- [EXERCISE OBJECTIVE] Exact reproduction required: the lines below from the line with "Table with the" to the line with "体のラインを拾いにくい、裾に向かってふんわり広がるシルエット", both ends included, and no others.

- [EXERCISE DATA]
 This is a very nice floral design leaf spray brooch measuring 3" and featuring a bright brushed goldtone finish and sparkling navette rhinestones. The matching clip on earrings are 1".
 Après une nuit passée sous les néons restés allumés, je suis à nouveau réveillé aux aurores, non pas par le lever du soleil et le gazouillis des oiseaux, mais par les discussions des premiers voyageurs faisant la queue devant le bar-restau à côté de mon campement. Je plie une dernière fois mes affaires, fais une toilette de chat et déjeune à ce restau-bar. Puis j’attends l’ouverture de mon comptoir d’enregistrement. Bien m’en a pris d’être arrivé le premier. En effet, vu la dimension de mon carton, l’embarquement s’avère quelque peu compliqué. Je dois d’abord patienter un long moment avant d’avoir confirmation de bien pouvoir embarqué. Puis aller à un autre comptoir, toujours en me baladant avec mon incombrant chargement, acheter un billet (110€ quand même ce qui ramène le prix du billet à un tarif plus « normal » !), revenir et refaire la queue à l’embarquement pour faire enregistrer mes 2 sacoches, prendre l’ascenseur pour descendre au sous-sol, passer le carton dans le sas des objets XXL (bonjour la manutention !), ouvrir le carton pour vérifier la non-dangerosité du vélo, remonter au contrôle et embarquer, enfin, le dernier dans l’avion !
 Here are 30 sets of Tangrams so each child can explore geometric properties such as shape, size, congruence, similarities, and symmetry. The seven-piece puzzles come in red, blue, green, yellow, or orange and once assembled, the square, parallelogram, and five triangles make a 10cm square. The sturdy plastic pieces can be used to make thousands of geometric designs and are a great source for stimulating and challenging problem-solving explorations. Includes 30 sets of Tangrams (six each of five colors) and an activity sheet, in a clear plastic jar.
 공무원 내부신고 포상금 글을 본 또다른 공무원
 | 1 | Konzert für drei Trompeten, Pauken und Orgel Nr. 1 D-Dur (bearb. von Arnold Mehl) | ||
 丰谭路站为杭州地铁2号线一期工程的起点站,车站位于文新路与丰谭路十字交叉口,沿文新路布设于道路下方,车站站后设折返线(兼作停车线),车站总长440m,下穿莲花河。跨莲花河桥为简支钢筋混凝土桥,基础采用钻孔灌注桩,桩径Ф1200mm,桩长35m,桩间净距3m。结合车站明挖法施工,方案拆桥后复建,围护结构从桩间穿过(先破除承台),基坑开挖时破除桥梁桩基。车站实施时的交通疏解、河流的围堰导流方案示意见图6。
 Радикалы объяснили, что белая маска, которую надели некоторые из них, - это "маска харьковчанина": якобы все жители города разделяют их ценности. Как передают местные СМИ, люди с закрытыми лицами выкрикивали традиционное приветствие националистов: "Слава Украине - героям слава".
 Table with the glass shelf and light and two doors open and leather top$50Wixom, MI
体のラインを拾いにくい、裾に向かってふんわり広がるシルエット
==
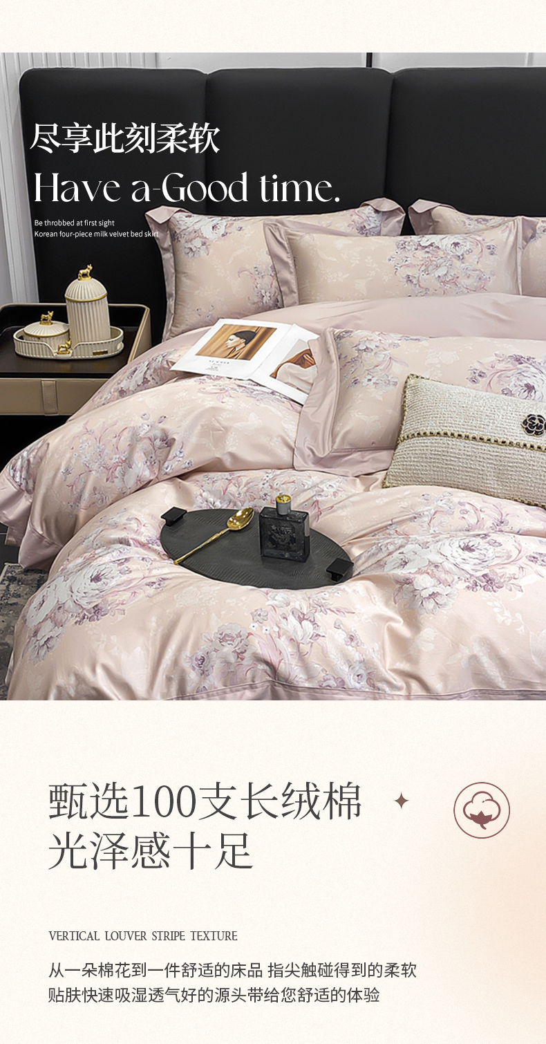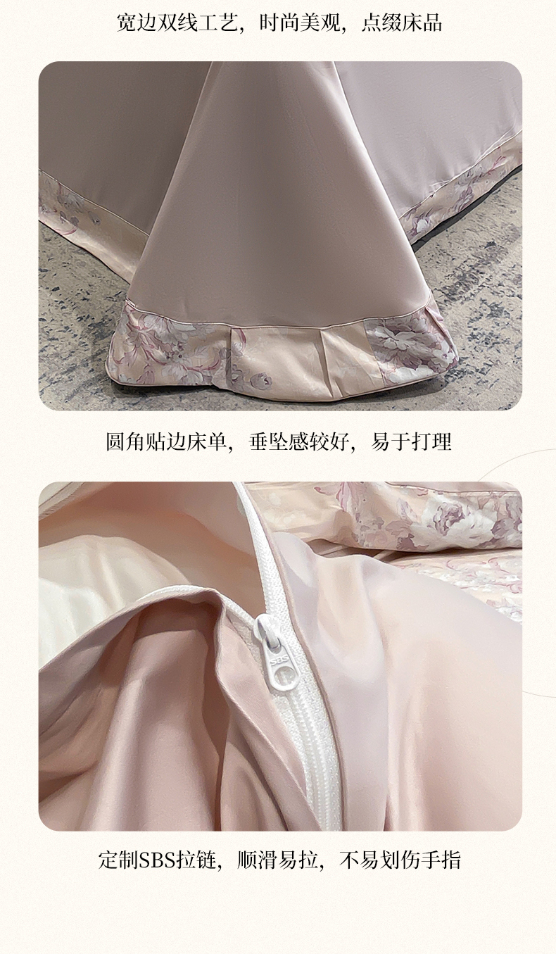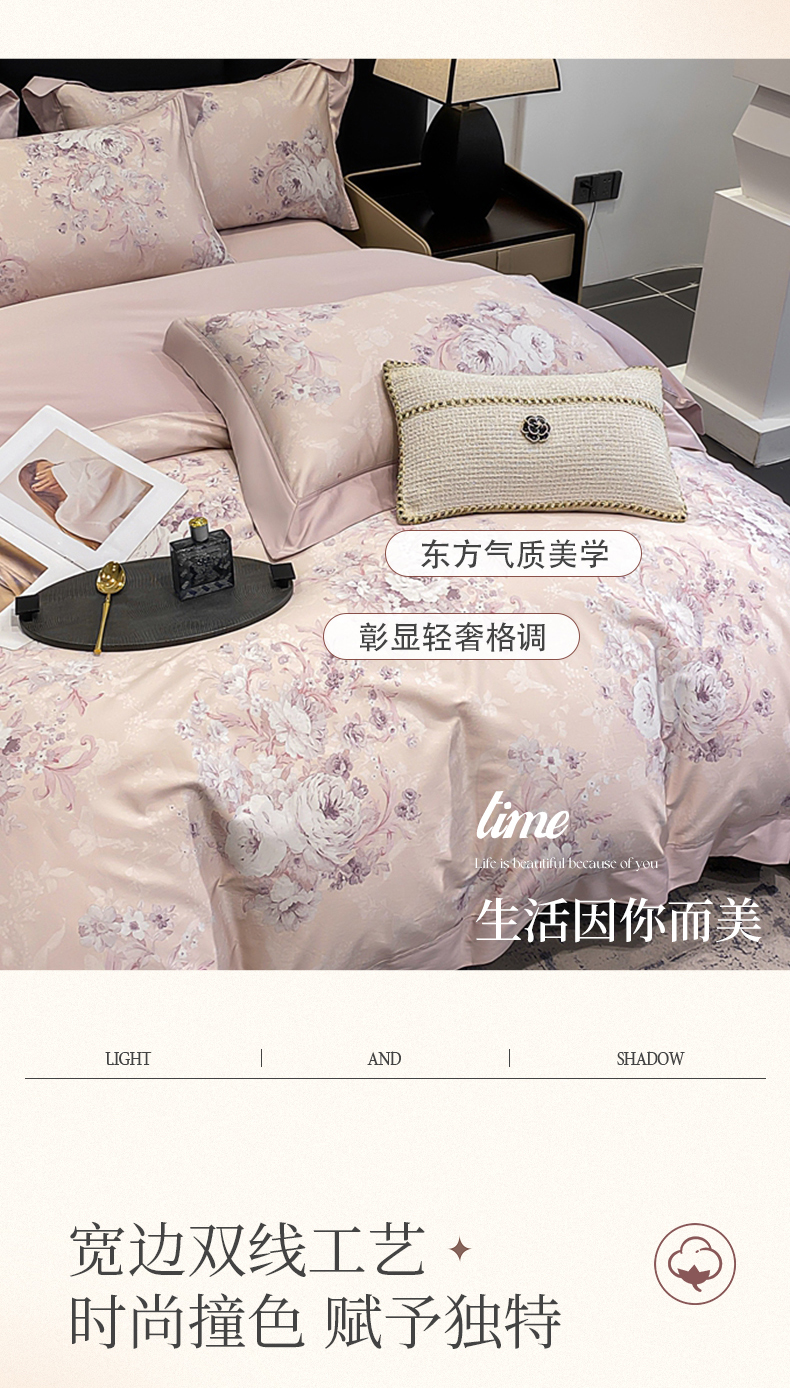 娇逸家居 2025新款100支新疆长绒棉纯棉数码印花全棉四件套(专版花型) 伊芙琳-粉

- [ANSWER TO THE PROBLEM]
 Table with the glass shelf and light and two doors open and leather top$50Wixom, MI
体のラインを拾いにくい、裾に向かってふんわり広がるシルエット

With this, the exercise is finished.